Deals to bring in Aaron Cresswell, who has been the only player other than goalkeeper Adrian to feature in every Premier League game so far, for £4 million from Ipswich and Carl Jenkinson on loan from Arsenal to fill the full-back positions have been astute while Cheikhou Kouyate, a dynamic centre-midfielder until he has been asked to cover at centre-back in recent weeks, looks a clear bargain at £6 million. Alex Song has also been a valuable addition, bringing his experience, class, poise and vision to the central-midfield on loan from Barcelona.

New signings have complimented those already at the club favourably, with Kouyate helping to protect the excellent defensive pairing of Winston Reid and James Tomkins, while James Collins can also provide experience and solidity as a cover option. The likes of Mark Noble and Stewart Downing, who has 7 assists alongside 5 goals in a productive campaign at the tip of Allardyce’s four-man midfield, have also impressed hugely, the latter doing enough to return to the England squad for the friendly with Scotland back in November.

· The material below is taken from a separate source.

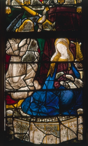 Verrière 1: Vie de la Vierge, panneaux b1 et b2, vue générale.Immatriculation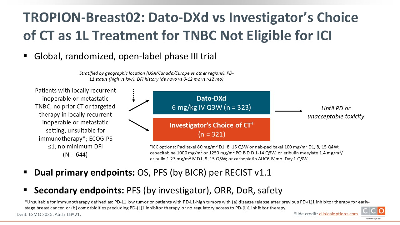 TROPION-Breast02: Dato-DXd vs Investigator’s Choice of CT as First-line Treatment for TNBC Not Eligible for Immune Checkpoint Inhibitors

The current system is geared towards allowing each player to thrive, the midfield trio encompassing the physical power of Kouyate, the energy of Noble and the craft of Song, while Downing’s trickery supplies the pace and aerial ability of Sakho and Valencia in attack. Allardyce’s own flexibility has also shone through as he mixes direct football with periods of genuinely exciting and attractive play, it was revealing that Allardyce was the one criticising a Manchester United manager for the amount of long balls after their recent meeting.

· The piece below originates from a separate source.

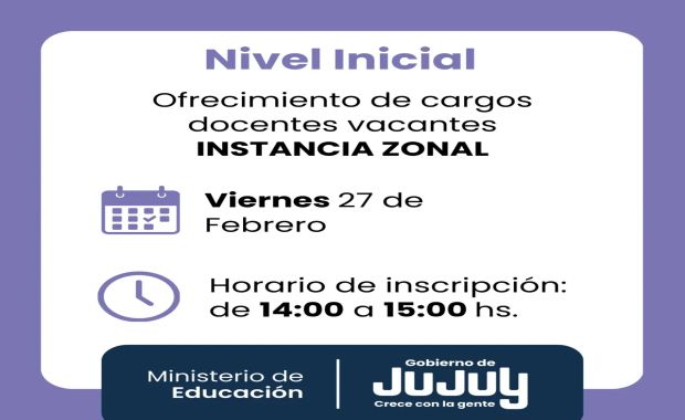 EL Ministerio de Educación, a través de la Dirección de Educación Inicial, comunica a la docencia, que el día viernes 27 de febrero de 2026, se llevará a cabo el ofrecimiento de cargos docentes vacantes para JI/JIN- Escuelas con Nivel Inicial Anexo, en las siete regiones educativas de la provincia.

Some issues still remain, such as the declining form of the aging Kevin Nolan and the uncertainty surrounding Winston Reid’s future, but it is a strong position that Allardyce finds himself in as he heads for this summer’s contract negotiations.

The defeat to West Brom in the cup may have hurt, but it was the 1-0 loss to the same opposition in the league last April that caused fans to vent their anger at the manager and the owners to take note. The Hammers are in a much healthier position now.